On New Year’s Day, a range of elements of health insurance reform kicked in. The prescription drug “donut hole” for seniors begins to close, joining already in-effect provisions like a ban on discriminating against children with pre-existing conditions & the new right parents have of keeping their children on their family insurance plans until they’re 26 years old. Another new provision clamps down on insurance company waste, fraud & profiteering (wonder why we don’t hear Rep. Frank “Fraud Peacock” Wolf praising that?).

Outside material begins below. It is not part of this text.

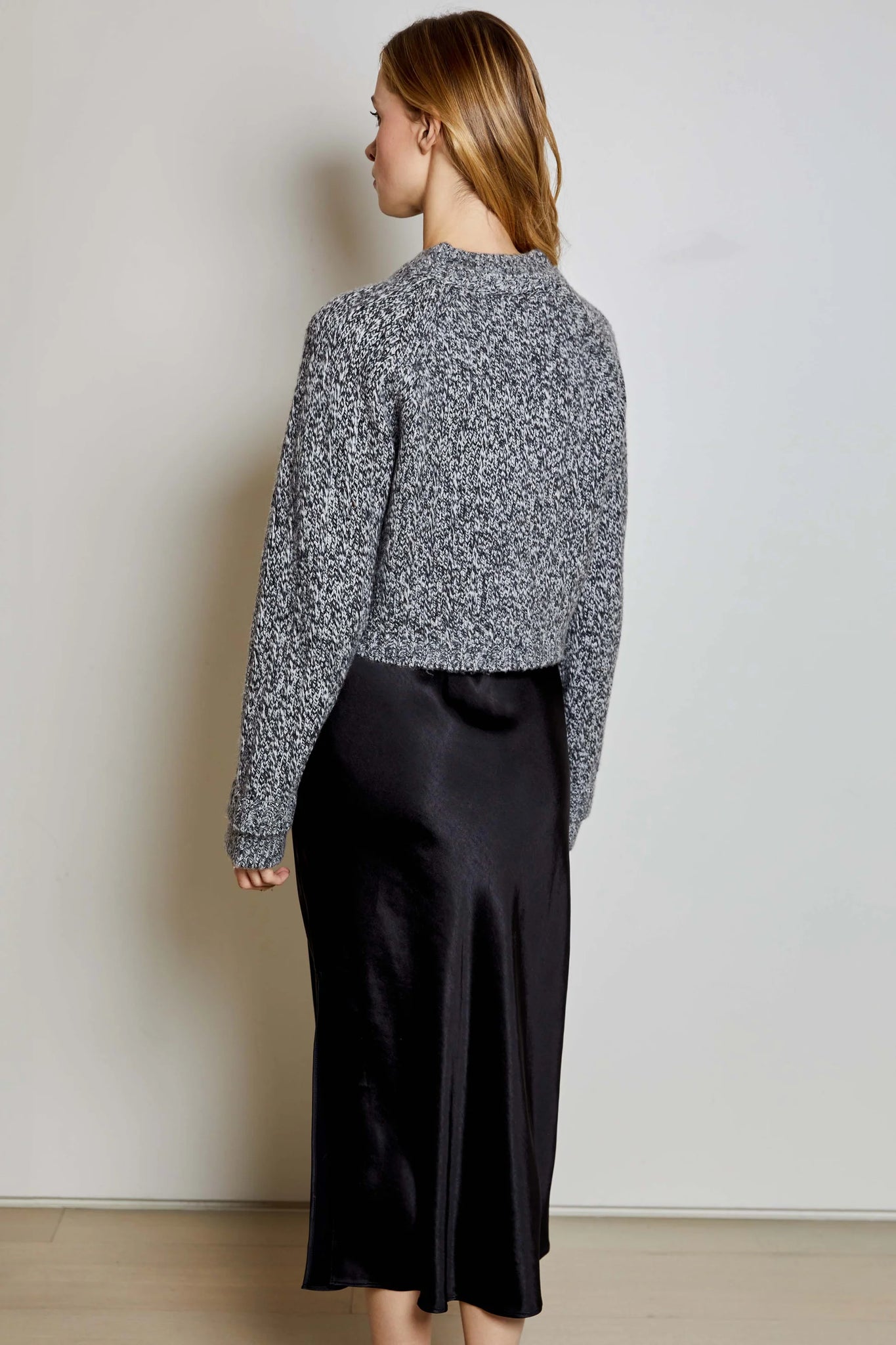 Crewneck sweater has double layer trim at neck and cuff. Bias slip dress with adjustable straps and left side hem slit.

House Republicans are pledging to make stripping all those protections one of their top priorities:
“As part of our pledge, we said that we would bring up a vote to repeal healthcare early,” Upton said. “That will happen before the president’s State of the Union address. We have 242 Republicans. There will be a significant number of Democrats, I think, that will join us. You will remember when that vote passed in the House last March, it only passed by seven votes.”

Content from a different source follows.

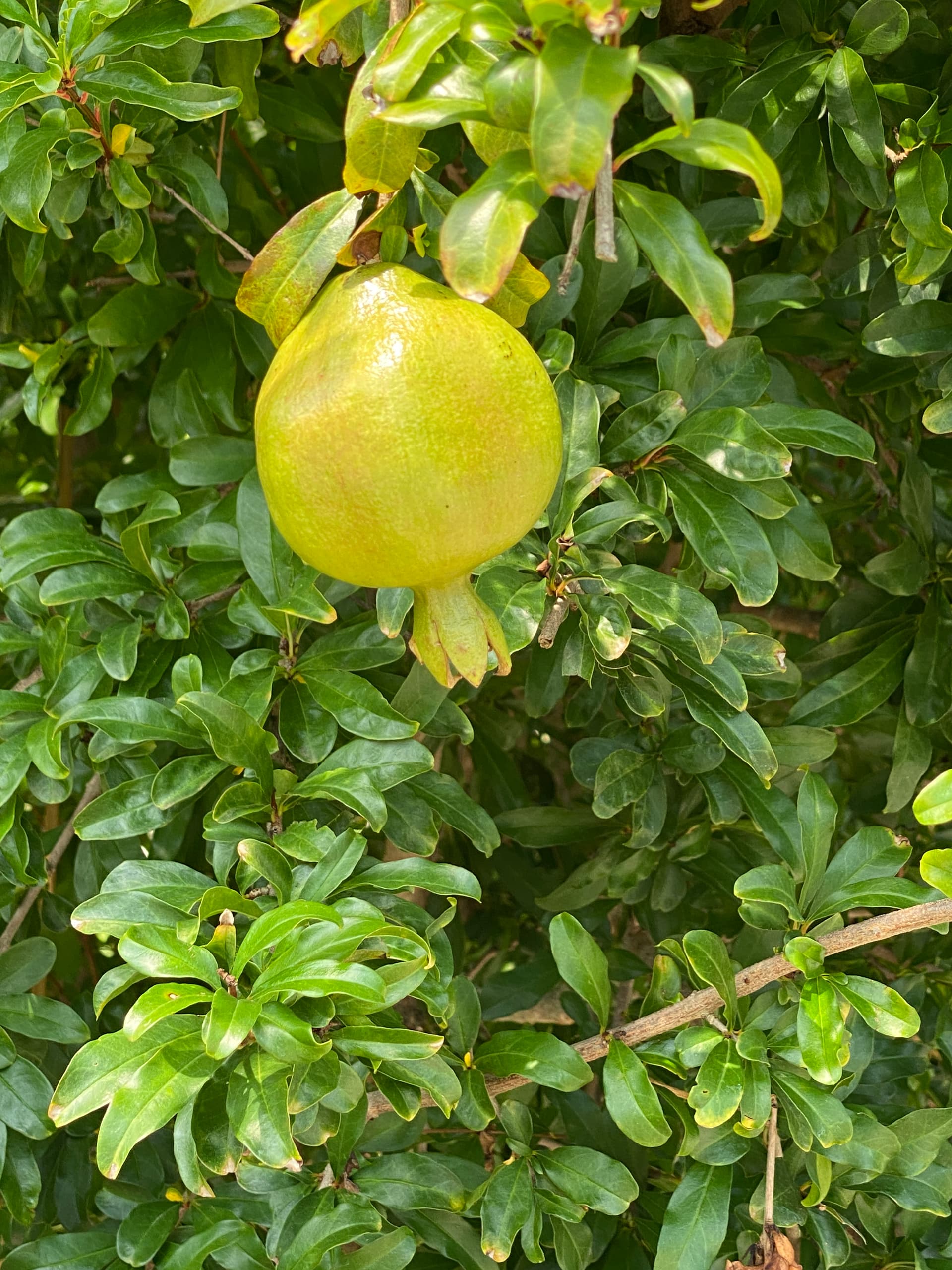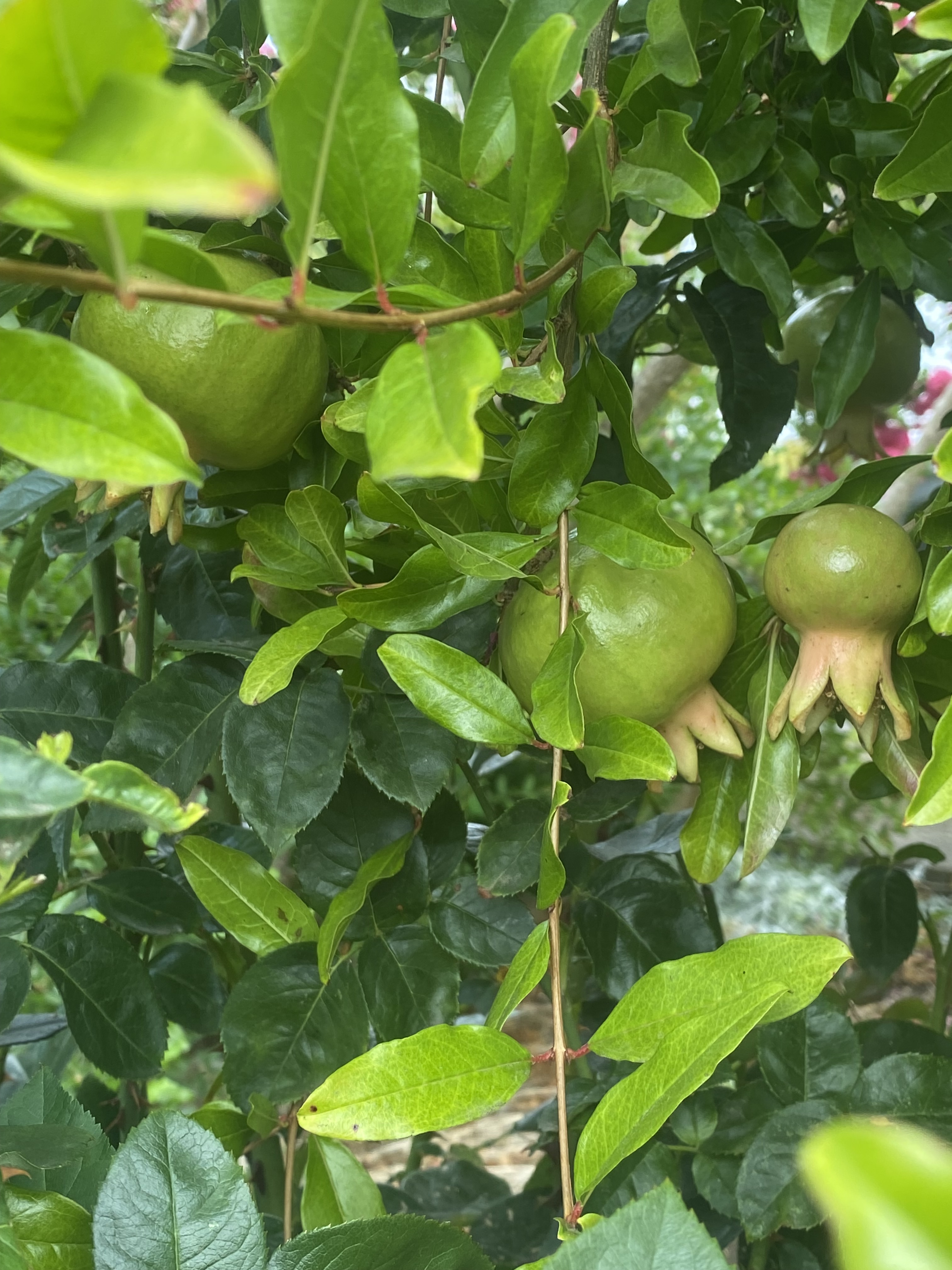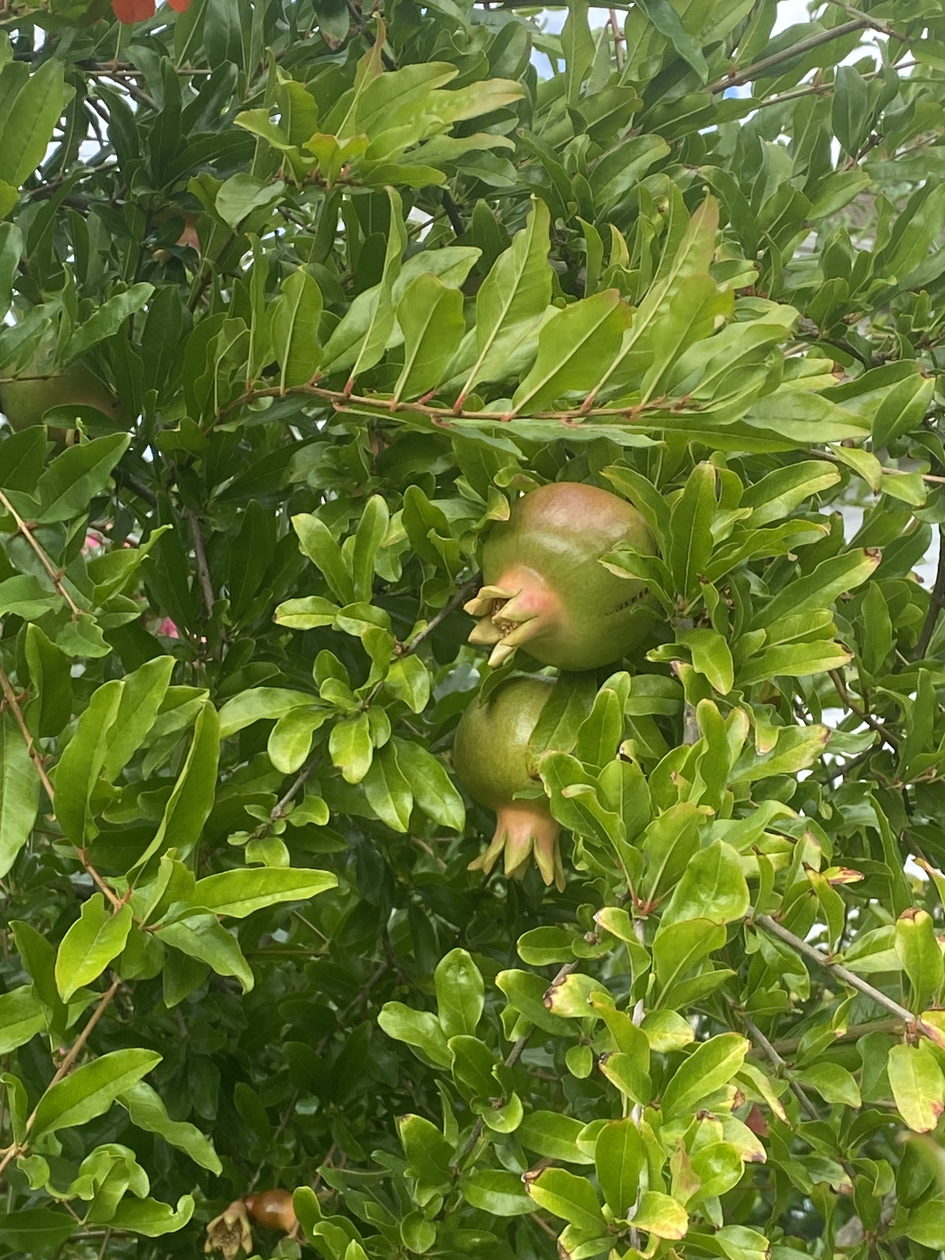 KnockOnWood!!! But so far almost all of the pomegranates are ‘almost’ fungus-free. A few black dots here and there . . . but we only have about a month and a half ? to go before they begin to ripen. Maybe most will make it to the finish line unscathed.

Conservatives have a long history of making their own reality & this is only the latest example.
Rep. Fred Upton (R-MI) seems particularly untethered to real life since he began his campaign for hard-right support as chair of the House Energy & Commerce Committee. I mean, when even Fox is calling Upton out for flip-flopping, you know he’s losing it.
What Upton chooses to ignore is that the vast majority of Democrats who voted against health reform were defeated in November. Of the 34 Democrats who opposed health reform, just 13 will be returning to Congress this month. The rest retired or, like Virginia Democratic pariah Glenn Nye, were defeated. Now Nye’s supposed to help Upton build his veto-proof coalition?
What’s most bizarre about the GOP’s health insurance reform effort? Last year, they accused Democrats of taking their focus off the economy by working on improving health care. Now, with the economy still struggling, the GOP is making it clear that jobs will take a back seat to partisanship:
“They’re talking about wasting time repealing health care, when they know that the Senate and administration won’t go along with it. Don’t waste time. Create jobs,” Rep. Steve Israel (D-N.Y.), chairman of the Democratic Congressional Campaign Committee, said on CNN’s “State of the Union.”
What’s President Obama’s advice to Republicans? “I say go for it,” Obama famously said of GOP efforts to repeal the new health care protections. “I welcome that fight.”